Why Cocaine is So Addictive: Animal Model Study

Summary: Researchers replicate cocaine addiction in rats and obtain a better understanding about the underlying mechanisms of addiction.

Source: Wake Forest Baptist Medical Center.

Scientists at Wake Forest Baptist Medical Center are one step closer to understanding what causes cocaine to be so addictive. The research findings are published in the current issue of the Journal of Neuroscience.

Cocaine addiction is a debilitating neurological disorder that affects more than 700,000 people in the United States alone, according to the Substance Abuse and Mental Health Services Administration. With repeated use, tolerance may develop, meaning more of the drug is required to achieve the same euphoric effect. Cocaine addiction can be characterized by repeated attempts at abstinence that often end in relapse.
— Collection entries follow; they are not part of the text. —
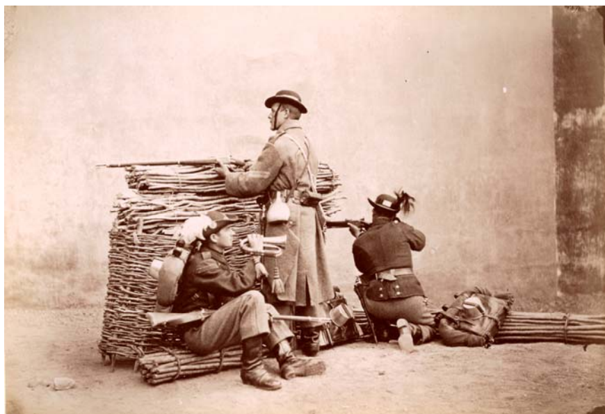
Fig. 15 – Franz Duschek, Vânători pedestri în poziție de tragere, Biblioteca Academiei Române – de remarcat ranițele militarilor și puștile Peabody.
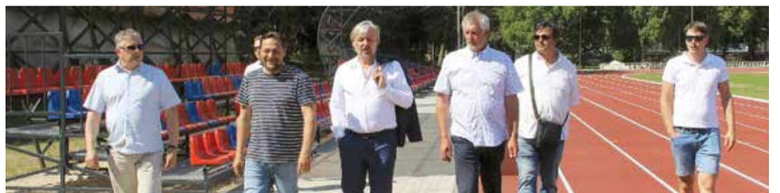
Darbi Zvejnieku parka stadiona sektoros pabeigti labi, tāds ir pašvaldības speciālistu un būvnieku secinājums.

16. jūnija pēcpusdienā Zvejnieku parkā notika projekta “Stadiona vieglatlētikas sektoru projektēšana, autoruzraudzība un izbūve Zvejnieku parkā, Salacgrīvā” noslēguma pasākums.
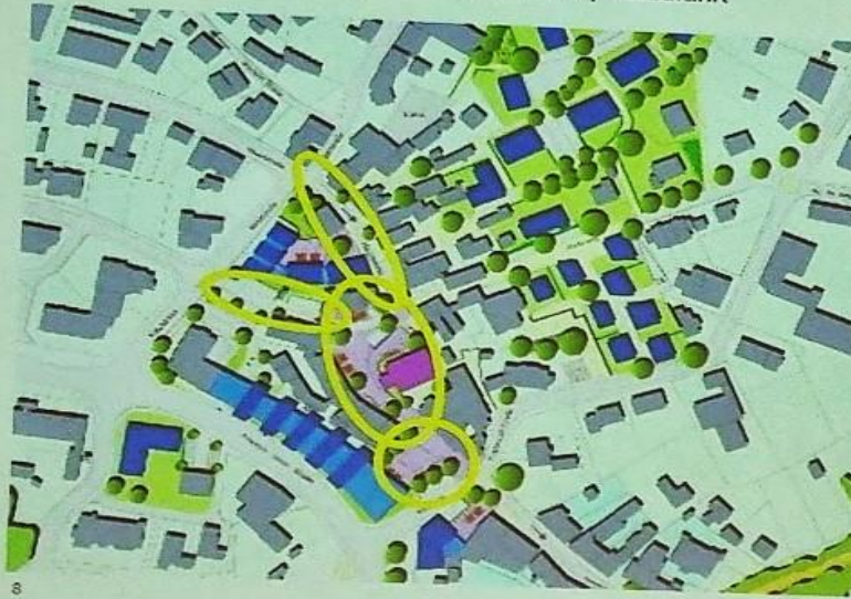
„Burscheid 2030 – Innenstadt Nord - Altstadt“ Maßnahmenübersicht
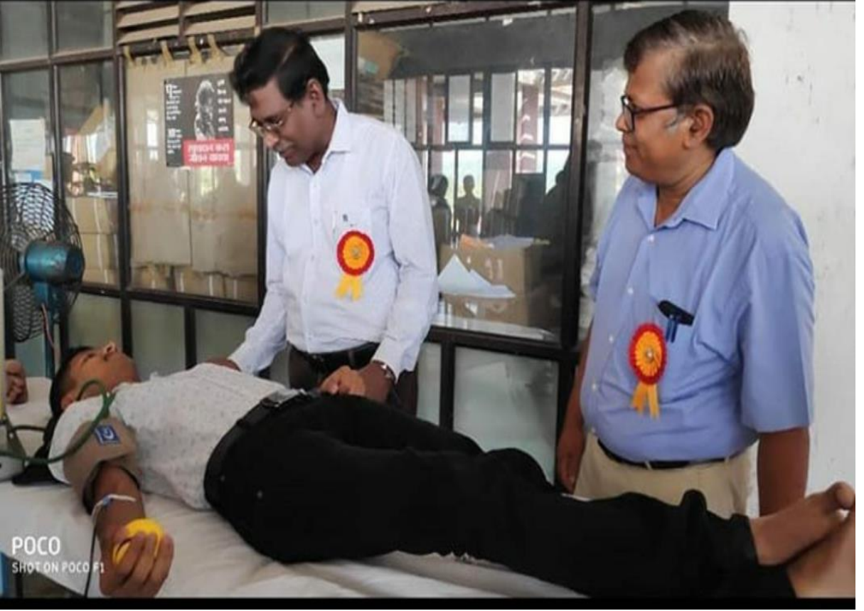
रक्तदान शिबीर (१६ ऑक्टोबर २०१९)
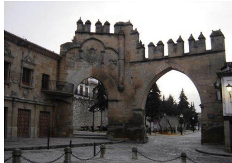
Plaza de los Leones (Baeza)

En la provincia de Jaén pueden encontrarse otras ciudades que albergan otros monumentos de interés artístico, histórico y cultural. Además cuentan con hoteles y restaurantes que pueden localizar fácilmente con nuestra ayuda.
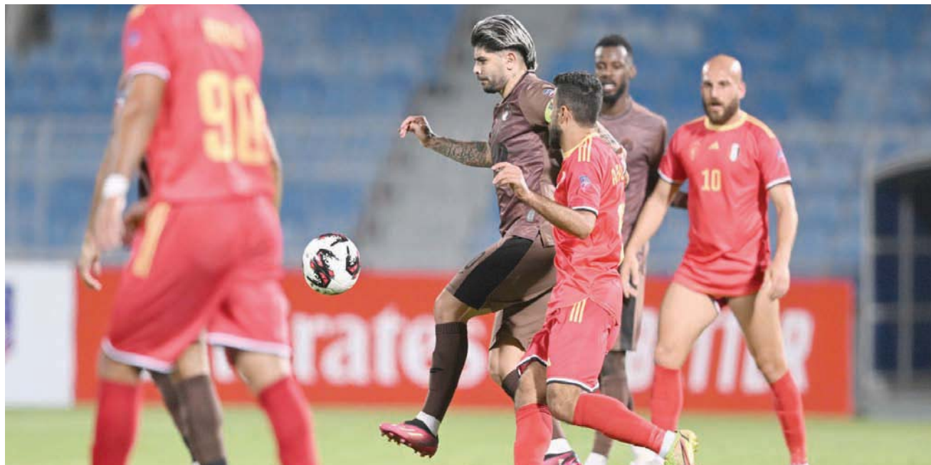
الشباب لحق بالثلاثي السعودي في دور المجموعات

وتبدو الكفة هذه المرة تميل للفرق السعودية التي كانت قريبة من معانقة لقب البطولة في آخر نسختين، حيث تحظى الأندية بدعم كبير ساهم في جلب كبار النجوم حول العالم للمشاركة في النسخة القادمة من
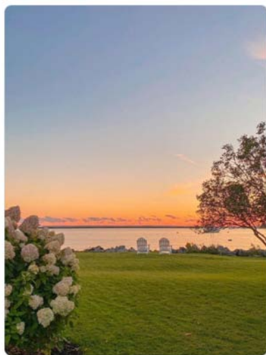
Primjer 1. Mentalno sam ovdje
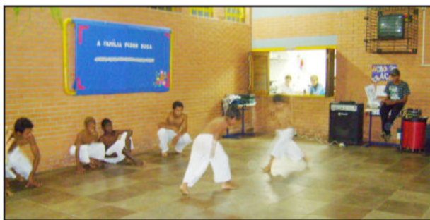
Grupo de Teutônia apresentou a capoeira
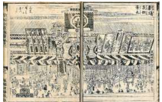
「劇場(中村座)表側景色」(『劇場訓蒙図彙しばいきんもうづい』巻之一(享和三年初版)より)

現在中央区で興行を続けている主な劇場、歌舞伎座、明治座、新橋演舞場、三越劇場、東京劇場(現在は映画館)は、戦前から同じ場所にあり、その場所と歴史について、地図を使い説明した。歌舞伎座は明治22(1889)年に現在地で初開場、また、明治座はその前身である喜昇座が、現在地近くに建てられたのが明治6(1873)年である。さらに江戸時代に遡ると、江戸で最初の官許の劇場中村座は、寛永元(1624)年、現在の東京駅から程近い、日本橋と京橋の間にあった中橋で櫓を挙げている。その後、中村座は禰宜町(日本橋堀留町)への移転を経て、慶安4(1651)年、堺町(日本橋人形町)に移転する。禰宜町の近く、萱屋町(日本橋堀留町)には、寛永11(1634)年、市村座が櫓を挙げ、また、現在の歌舞伎座周辺の木挽町(銀座)には、寛永19(1642)年に山村座(1714年廃座)、慶安元(1648)年に河原崎座(1663年休座)、そして万治3(1660)年に森田座が建つ。これらの江戸の主な劇場は、天保の改革で、天保12(1842)~13(1843)年に浅草の猿若町に移転するまで、実に200年以上も中央区で興行を続けていた。
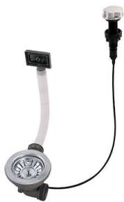
自动下水 8407 100
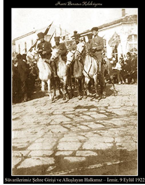
Şekil 3. Türk Ordusunun İzmir'e Girişi, (H. Benazus kişisel arşivi, 1922).
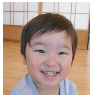
可愛い兄妹の仲間入りです。仲良くしてね♪
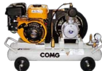
エンジンレシプロコンプレッサー
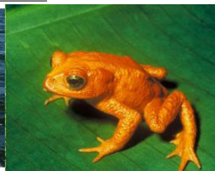
Un crapaud doré
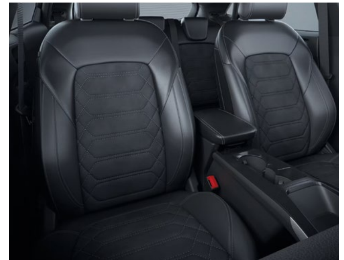
Ford Puma® Gen-E w wersji Premium z pakietem Black
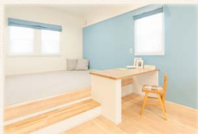
視線を合わせたコミュニケーションがとれる 対面カウンター付きの「ゴロンスペース」
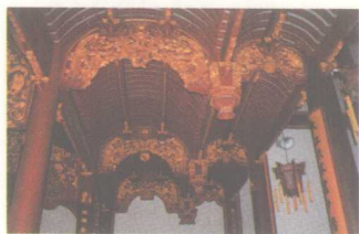
浙江上虞曹娥庙大殿梁架

建筑装饰木雕一般还可分为大木雕刻和小木雕刻两类。大木雕刻主要是指梁、枋、斗拱等构件上的装饰雕刻。我国传统建筑是以木材为主，从坚固耐用角度出发，很重视构架的组合方式，

“Scientists have known for years that cocaine affects the dopamine system and dopamine transporters, so we designed our study to gain a better understanding of how tolerance to cocaine develops via the dopamine transporters,” said Sara R. Jones, Ph.D., professor of physiology and pharmacology at Wake Forest Baptist and lead author of the study.

“Currently there isn’t any effective treatment available for cocaine addiction so understanding the underlying mechanism is essential for targeting potential new treatments.”

Using an animal model, the research team replicated cocaine addiction by allowing rats to self-administer as much cocaine as they wanted (up to 40 doses) during a six-hour period. Six-hour-a-day access is long enough to cause escalation of intake and tip animals over from having controlled intake to more uncontrolled, binge-like behavior, Jones said.

Following the five-day experiment, the animals were not allowed cocaine for 14 or 60 days. After the periods of abstinence, the researchers looked at the animals’ dopamine transporters and they appeared normal, just like those in the control animals that had only received saline.

However, a single self-administered infusion of cocaine at the end of abstinence, even after 60 days, fully reinstated tolerance to cocaine’s effects in the animals that had binged. In the control animals that had never received cocaine, a single dose did not have the same effect.

Image shows the dopamine system in the brain.
“Scientists have known for years that cocaine affects the dopamine system and dopamine transporters, so we designed our study to gain a better understanding of how tolerance to cocaine develops via the dopamine transporters,” NeuroscienceNews.com image is for illustrative purposes only.

These data demonstrate that cocaine leaves a long-lasting imprint on the dopamine system that is activated by re-exposure to cocaine, Jones said. This ‘priming effect,’ which may be permanent, may contribute to the severity of relapse episodes in cocaine addicts.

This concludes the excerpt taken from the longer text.